Image 5. ES short-term (5D) profile as a double distribution balance
I mention oil once again in context of potentially resilient inflation and rates. In the last weekly outlook I noted oil as a ‘data point’ to watch, specifically regarding Yemen. This acquired prescient qualities by Friday, with a Yemeni missile intercepting an oil tanker. The ship reportedly sank. Indeed oil (CL) hit up to the 78 mark, from a recent low of 70. I was stressing this as a key support level in my feed. As geopolitical events become more volatile, expect this to translate into the price as well. I was also bullish on XOM and this went from lows around 96 to over 102 this week.
Week Ahead
Back to ES. I think we are in a longer-term range of about 150 points either side of 4900 - or as long as the hesitation on a pivot sorts itself out. The market has likely priced in rate cuts sooner, or so I tend to believe. This could mean some sell in February IF the FOMC delivers yet another ‘higher for longer’ or ambiguous outlook. If rate cuts are sooner than I expect then the possibility of overshoot to 5080-5100 could very much be on the table (just not necessarily this week). Conversely, a hawkish Fed could make 4700s ‘great again’.
Realistically I am in favor of about a 90 to 100 point range in the week ahead, barring a tail event. A rejection of downside and a close above 4930 can likely see a further push above 4950. Then a retest of 4930 from above can result in a further imbalance to the upside - a symmetrical outcome might lead us to test as high as 4980, with possible overshoot to major psychological number 5000. A breakout failing to sustain momentum over 4950 could see a traverse of the prior week’s range to the downside.
Sellers defending the prior high or an early ‘look above and fail scenario’ then need to see a close below 4900. This could then set up a break of the prior week’s low thus a break of weekly OTFU. Sellers below 4860 can then attempt to resolve poor structure underneath. Further to the downside, 4837, or the previous balance high, to 4813 is probably an area for patient buyers to step in for a potential trip back to 4900.
Data Watch
Already mentioned FOMC, other data to watch:
Tues, Jan 30: JOLTS, consumer confidence 10h00EST
Weds, Jan 31: Non farm employment 8h15EST; FOMC Statement 2h00EST; FOMC conference 2h30EST
Thurs, Feb 1: Manufacturing PMI 10h00EST
Fri, Jan 26: unemployment, NFP, earning 8h30EST; consumer confidence 10h00EST
Expectations this week are for a range of 95 points with potential for a 20 point overshoot.
And earnings:
Tues, Jan 30: AMD, MSFT, GOOG, SBUX
Weds, Jan 31: BA, MA
Thurs, Feb 1: QCOM, AAPL, AMZN, META
If anything, Merck (MRK) guidance will be interesting on Friday relative to geopolitical events and international trade.
This Week’s Levels and Plan
Pivot 4926. This represent the previous week’s mini balance VAH as well as an area of consistent later selling activity.

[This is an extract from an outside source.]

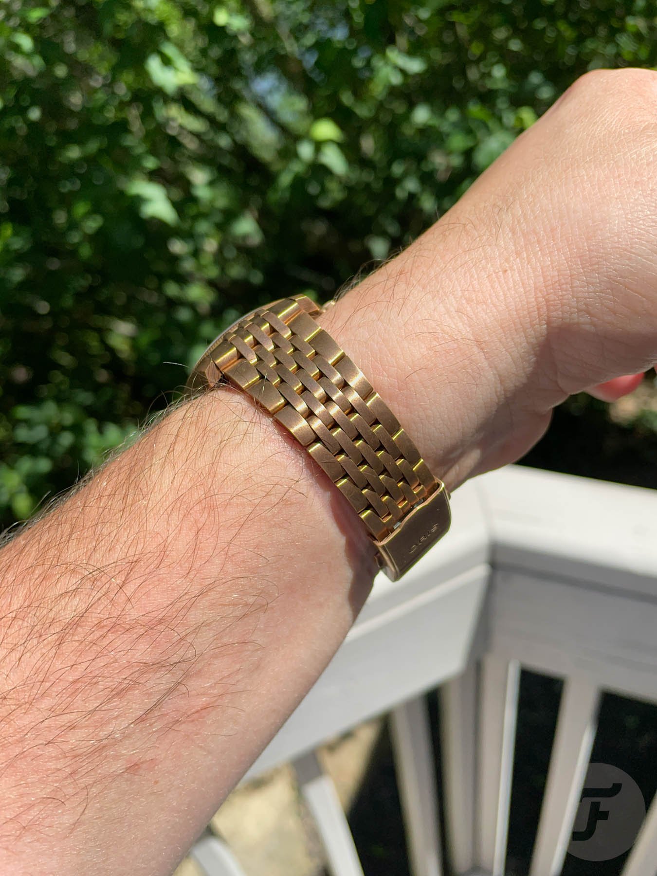 I think what excites me most about acquiring the bronze bracelet is the array of options I now have for the Fratello Oris. I would not have thought that a bronze watch with an oxblood dial would have such versatility, but it really does! In my time owning the watch, I have worn it on the leather and nylon straps, an anthracite Tropic strap (a quick buckle change made this option one of my favorites last summer), and now the bronze bracelet. The watch, despite its classic/dressy aesthetic, has looked great on all of these. The bracelet is quickly becoming my favorite, which is not a surprise to me at all.

I lean to the potential of testing down into the 4880s earlier in the week as I do not anticipate a break of balance ahead of FOMC. However - in the case of a ‘look above and fail’ scenario early on this could lead to sufficient momentum to break the PWL.
Levels to mark:
4500
4980
4955
4935 PWH
4926 weekly pivot
4895 buying tail
4873 PWL
4837 prior balance high
4813 prior balance POC
Image 6. Current ES levels and volume profile
a) A close above 4930 can see action into a likely area of sellers at 4955. With acceptance above, 4980 and 5000 open up as targets. Buyer LIS is 4885.
b) Sellers seek to defend the highs once again (including a ‘look above and fail’) but need to show results below 4900. Time below 4900 targets PWL 4873. That break of weekly OTUF can lead to 4860 and ultimate target at 4837, the prior balance high.